Worst Pick-Up Lines Ever

Everyone loves a terrible pick-up line. But no one’s ever compiled a list of them. No one’s ever done that. So I went to 14 different bars all over the NYC area to ask women for the worst pick-up lines they’d EVER heard. I compiled a list of the WORST of the worst. And here they are, in no particular order:

“The word of the day is ‘legs.’ No, wait. It’s 'philomath.’ Can you spread the word?”

“Those are nice shoes. But they’d look better without all that mud on them.”

“If your right leg is Christmas and your left leg is Thanksgiving, can I spend some time just contemplating that. Because that’d be crazy. You’d be like a magical holiday party creature. And then your face would be Fourth of July, I guess. That makes the most sense.”

“Do you have any raisins? No? How bout a date or a fig? I’d prefer a fig.”

“Kiss me if I’m wrong, but isn’t Richmond the capital of Virginia?”

“Excuse me, but I’m not really trying to meet someone. I just want to enjoy some beers with my friends, if that’s okay with you. What’s that? What do I think of your tattoo? It’s good.”

“Did it hurt? Did it hurt when you fell down? I was born without pain receptors so I’m keeping a log of things that hurt and things that don’t. It’s not going well.”

“If I had a nickel for every time I saw someone as beautiful as you, we could go into business together. I could average about two looks per second, I think. So that’s 6 bucks a minute, or 360 bucks an hour!
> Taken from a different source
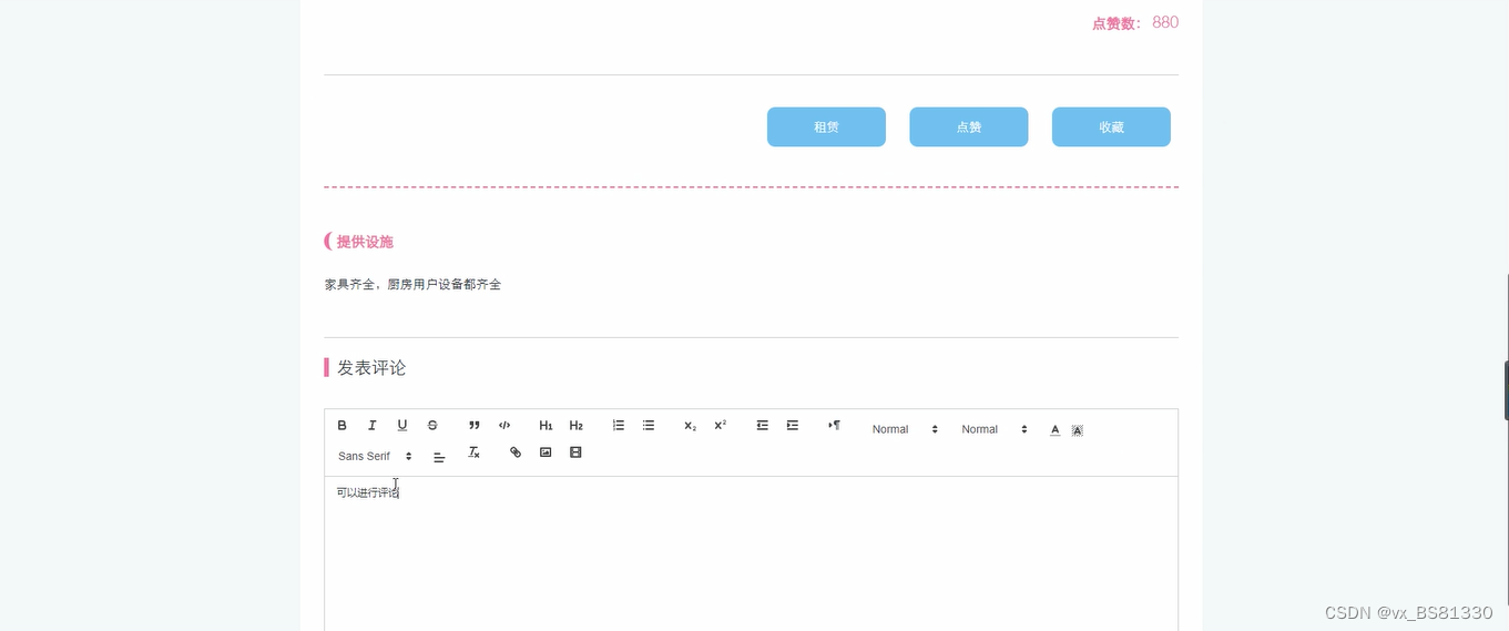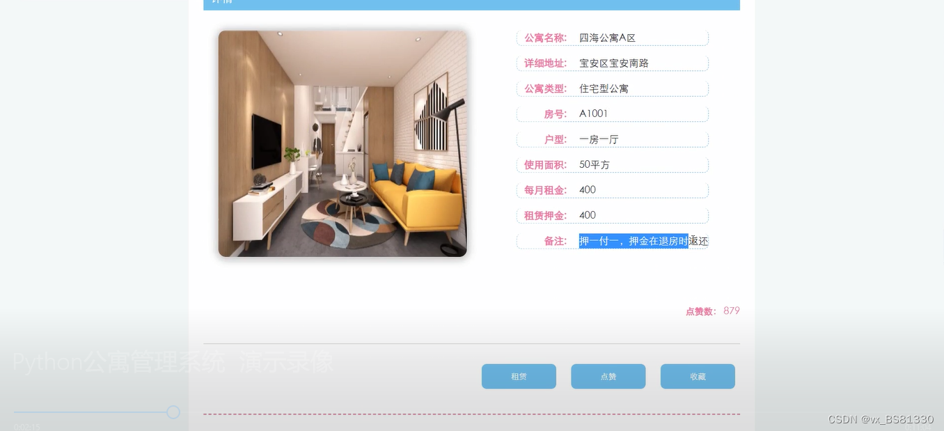 用户查看房源信息,对喜欢的房间信息进行收藏或者提交租赁申请,如下图所示。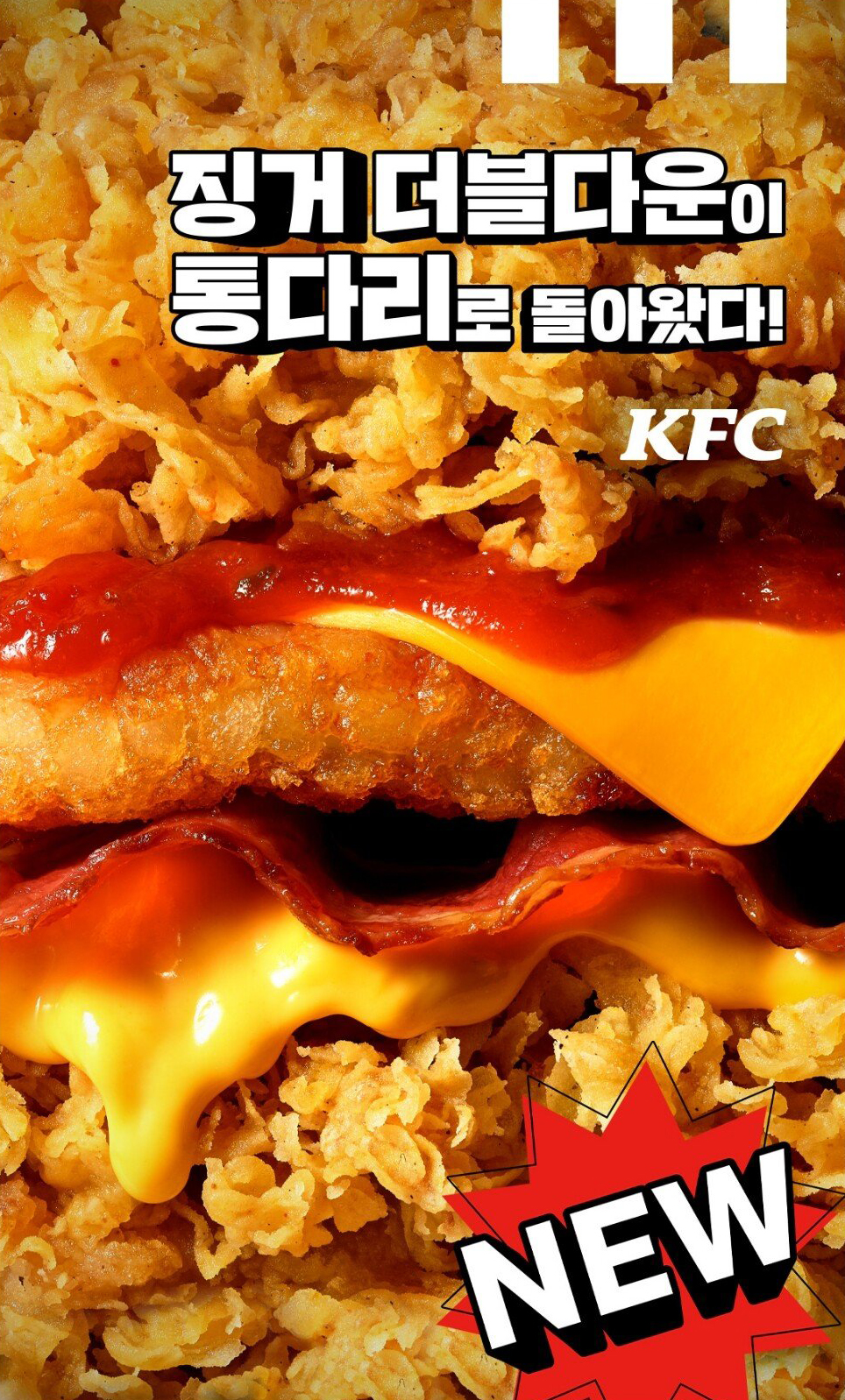 '징거더블다운 통다리' 의 외관. 뭐 징거더블다운 시리즈의 파괴적인 외관은 굳이 더 말할 필요가 있을까요...ㅋㅋ

Now, say we put in an 8-hour shift: that’s $2,880 to split between us. That might not seem like much, considering how tedious a typical work day for us will get, but if we work three solid days a week we can each pull in over $4,000 a week. $4,000 for a three-day week! Granted, this can’t be a long-term job commitment because we’d burn out pretty quickly. But I could do it for 6 months, I think. If we just put our noses to the grindstone, invest well, and keep other outlets of income flowing, we could be rich! Cause girl, yo ass is fine.”

“Excuse me, is this your drink? No, I’m pretty sure it’s mine. Yeah, it’s mine. But you already drank out of it, so just take it. I don’t want it anymore. I’ll get another. Damn, you’re cute for a drink thief.”

“Are you a magnet? Because you’re attracting a lot of untoward attention at this bar. A lot of prolonged staring going on. And this place isn’t exactly filled with the most savory of characters, if you know what I mean. Keep your guard up. Don’t say I didn’t warn you.”

“If I could rearrange the alphabet I’d put U and I together. They’d form a new letter called 'wu-ei’ that would function as a hybrid of both. No, wait, first I’d have the alphabet start with the letter W. But then it’d also end with the letter W, so then kids would have to sing the alphabet song in one continuous loop. Also, there’d be four L’s.”

“Excuse me, you’ve got something… dark green on the back of your pants… I’d wipe it off for you, but I don’t want to touch it. Okay, I’ll get a napkin. Whoops. Didn’t mean to do that. Okay, looks like I just spread it around. Yeah, it’s not coming off. Should I keep going? No? Okay, good.”

“Do you believe in mutual respect at first sight?”